[Jerome Coignard]. La figura del abate Coignard, creada por Anatole France (François-Anatole Thibault, 1844-1924) en El figón de la reina Peto ja (v.), fue de nuevo tratada por su autor en Las opiniones de Jerónimo Coignard (v.), con la intención de ofrecer un retrato completo de la misma.
Coignard resume en sí mismo los motivos y contradicciones propios de la mentalidad de France y característicos, al mismo tiempo, de la cultura y el espíritu europeos en los últimos años del siglo XIX. Orientado hacia la carrera eclesiástica y perfecto humanista, el abate Coignard, nos dice France, «floreció» en la primera mitad del siglo XVIII, fue «profesor de retórica en el Colegio de Beauvais, bibliotecario del señor de Séez (‘Sagiensis episcopi bibliothecarius solertissimus’, como reza su epitafio), luego secretario en San Inocencio, y, finalmente, conservador de la Astaraciana, reina de las bibliotecas, cuya pérdida será para siempre deplorada.

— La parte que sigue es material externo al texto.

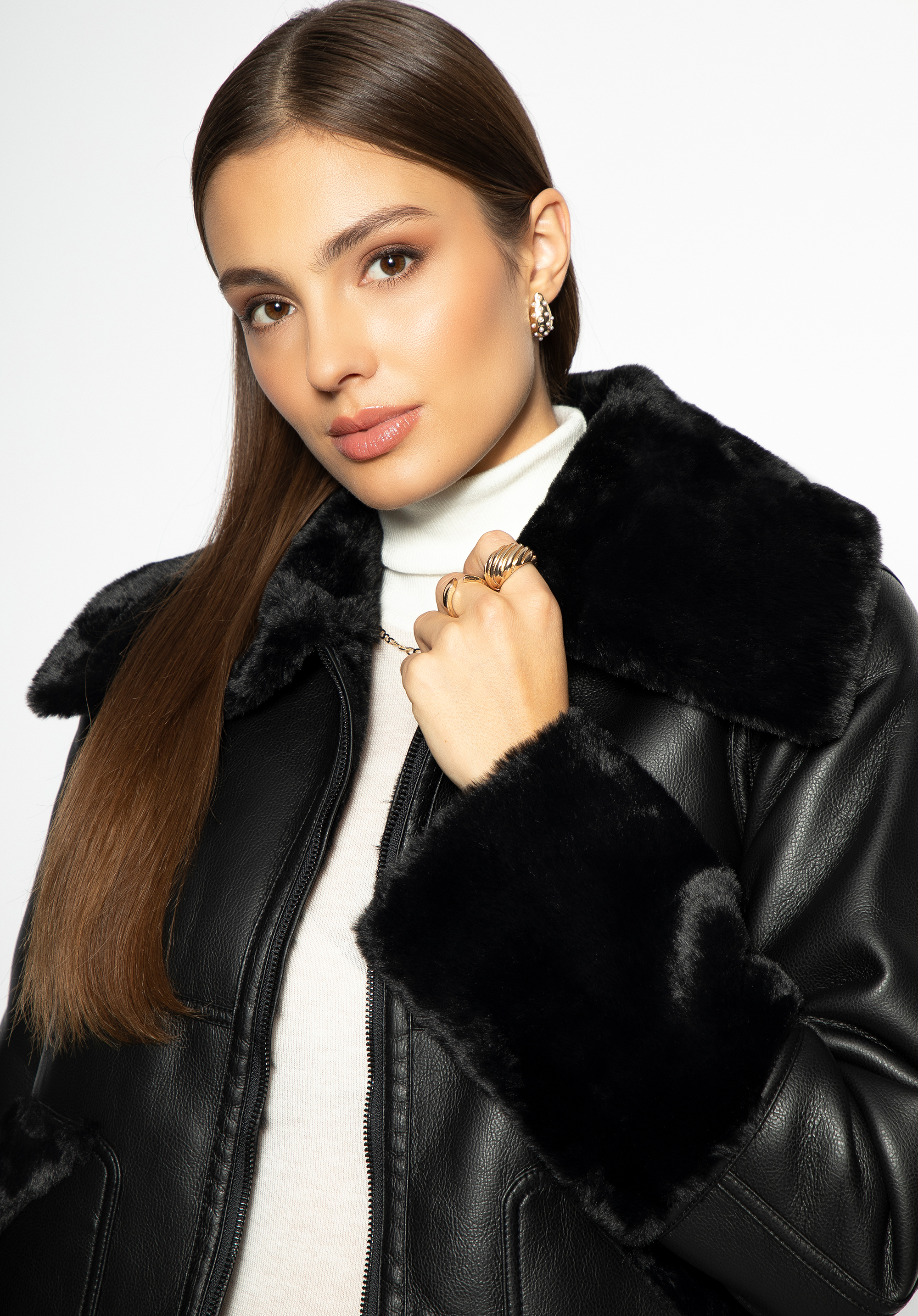 - wstawki ze sztucznego futerka na rękawach i kieszeniach;

Murió asesinado en el camino de Lyon por un judío cabalista llamado Mosaide (Judaea manu nefandissima) y dejó varias obras interrumpidas y el recuerdo de bellas conversaciones familiares». Su vida es la propia de un «clérigo» humanista, no falta de pintorescos desórdenes, pero también totalmente colmada de amor al estudio e iluminada por una sana filosofía moral que extrae de los libros, sin ‘ menoscabo, por otra parte, de su sólido sentido común.
Divertido e indulgente espectador de las locuras, incongruencias y errores de la vida, e inclinado a buscar la verdad más bien en los poetas que en los filósofos, y más en la filosofía que en la ciencia, personifica una singular manera de ver las cosas de este mundo: un escepticismo al estilo de Montaigne, audaz y radical en todo cuanto no atañe a la religión, y pronto a examinar con ojos despreocupados las más arriesgadas novedades, aun cuando también atento a desconfiar de ellas, dado que los hallazgos.

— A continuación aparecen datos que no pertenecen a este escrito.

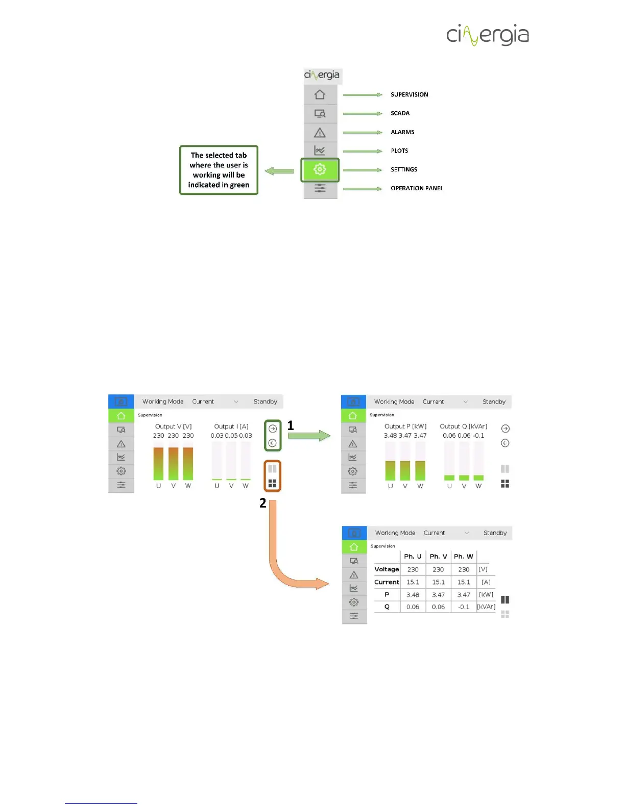Information tab. It shows the main variables of the inverter: voltage, current and power. You

más hermosos de la moderna sociología y los más brillantes sistemas no pueden modificar la naturaleza humana, sobre la que el abate Coignard posee una opinión totalmente opuesta a la demasiado optimista de Rousseau. Todo esto le convierte, asimismo, en un hombre de su siglo, racionalista y amigo de la Ilustración: ante las excesivamente descaradas injusticias del antiguo orden social, vese, casi a pesar suyo, arrastrado a la rebelión (contradicción que refleja y explica la evolución de France desde el escepticismo estético hasta actitudes siempre extremadamente anticonformistas y revolucionarias).

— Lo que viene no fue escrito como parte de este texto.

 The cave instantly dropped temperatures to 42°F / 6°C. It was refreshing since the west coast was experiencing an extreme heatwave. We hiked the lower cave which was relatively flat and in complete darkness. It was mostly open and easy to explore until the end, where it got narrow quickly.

Sin embargo, el prudente abate procura no abandonarse a tales ideas: la civilización humana es cual un edificio pacientemente construido, aun con todos sus defectos y por medios no siempre honrados, sobre la primitiva barbarie de la humanidad, y cualquier cambio demasiado brusco o innovación excesivamente audaz pueden arruinarlo. De ahí la razón por la cual Coignard se mantiene celosamente fiel a su catolicismo: la fe es una cuestión de conciencia individual (él la posee, y se guarda muy bien de discutir acerca de ella); pero el respeto al catolicismo va, en opinión suya, estrechamente unido a la reverencia por la tradición: es el distintivo más claro de la caridad cristiana, del espíritu de tolerancia mutua y de la verdadera humildad en las relaciones entre los hombres, que son lo único que puede efectivamente vivificar y ennoblecer las obras hijas de nuestra tan cacareada civilización.